TASK INPUTS: Begin
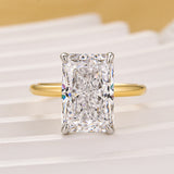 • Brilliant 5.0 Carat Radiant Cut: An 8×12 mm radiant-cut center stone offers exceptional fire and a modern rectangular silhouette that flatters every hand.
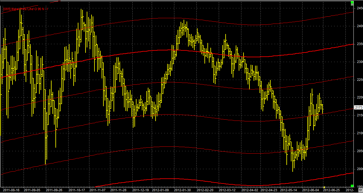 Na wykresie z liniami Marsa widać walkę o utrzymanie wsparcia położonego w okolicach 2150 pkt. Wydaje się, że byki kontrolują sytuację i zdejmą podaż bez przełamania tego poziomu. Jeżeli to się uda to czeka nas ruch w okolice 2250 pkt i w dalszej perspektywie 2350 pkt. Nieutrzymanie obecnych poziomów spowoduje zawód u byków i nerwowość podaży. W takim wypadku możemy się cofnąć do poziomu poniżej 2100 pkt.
TASK INPUTS: End
TASK INPUTS: Begin
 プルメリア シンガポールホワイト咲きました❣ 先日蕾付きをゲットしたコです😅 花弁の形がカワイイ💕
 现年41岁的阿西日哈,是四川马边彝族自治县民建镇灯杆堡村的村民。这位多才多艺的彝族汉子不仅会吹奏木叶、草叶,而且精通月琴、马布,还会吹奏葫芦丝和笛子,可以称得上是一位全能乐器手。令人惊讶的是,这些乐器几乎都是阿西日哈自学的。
TASK INPUTS: End
Write out, from the lines above, only those from the line with "プルメリア シンガポールホワイト咲きました❣ 先日蕾付きをゲットしたコです😅" to the line with "现年41岁的阿西日哈,是四川", exactly as given, including the first and the last.

## OUTPUT OF THE TASK
 プルメリア シンガポールホワイト咲きました❣ 先日蕾付きをゲットしたコです😅 花弁の形がカワイイ💕
 现年41岁的阿西日哈,是四川马边彝族自治县民建镇灯杆堡村的村民。这位多才多艺的彝族汉子不仅会吹奏木叶、草叶,而且精通月琴、马布,还会吹奏葫芦丝和笛子,可以称得上是一位全能乐器手。令人惊讶的是,这些乐器几乎都是阿西日哈自学的。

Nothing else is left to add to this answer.